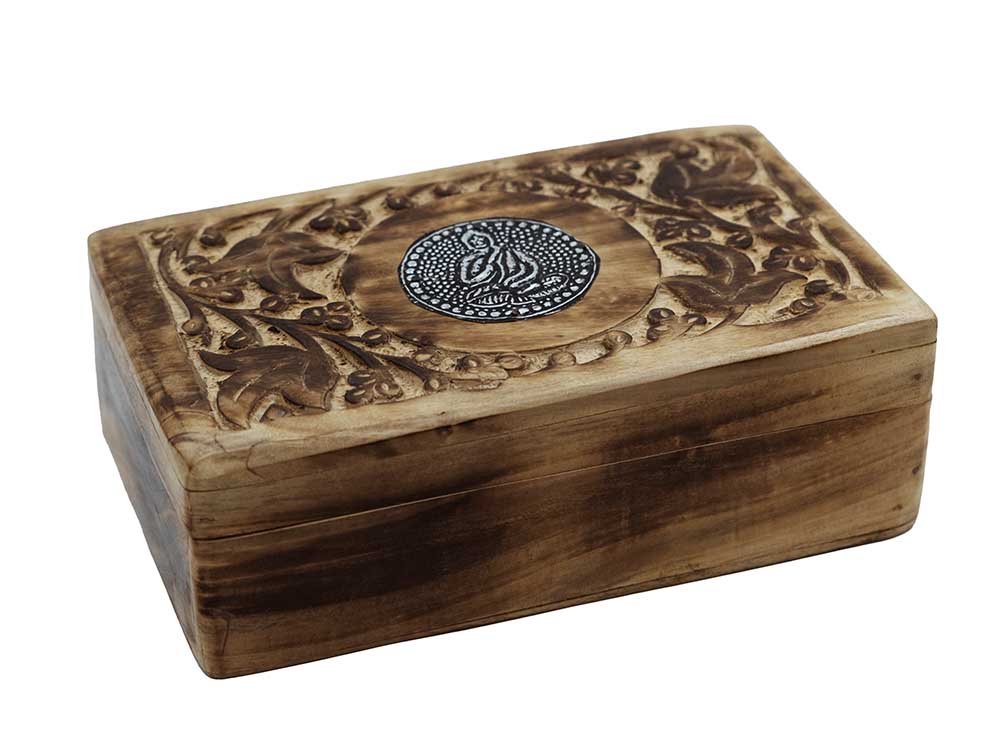 Box Wooden Rectangle With Metal Buddha Symbol 5X8 Inch
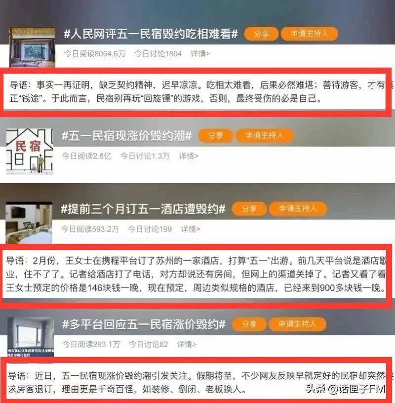 [1]随着五一假期的临近,加上近三年来的民宿预订高峰,目前的业主集体毁约涨价,部分房价涨幅达10倍。
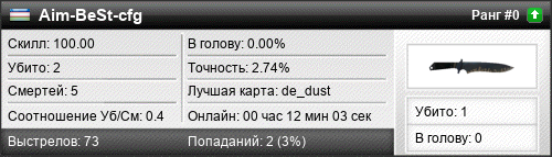 | de_inferno | 0 | 0.00 | 0.00 | 1 | 3 | 00:04:38 | 02.06.2016 | |

__Exercise prompt__.
Starting with the line that holds "[1]随着五一假期的临近,加", reproduce exactly each line up to and including the last line of the material above, and drop the pictures.

__Solution to this exercise__.
 [1]随着五一假期的临近,加上近三年来的民宿预订高峰,目前的业主集体毁约涨价,部分房价涨幅达10倍。
 | de_inferno | 0 | 0.00 | 0.00 | 1 | 3 | 00:04:38 | 02.06.2016 | |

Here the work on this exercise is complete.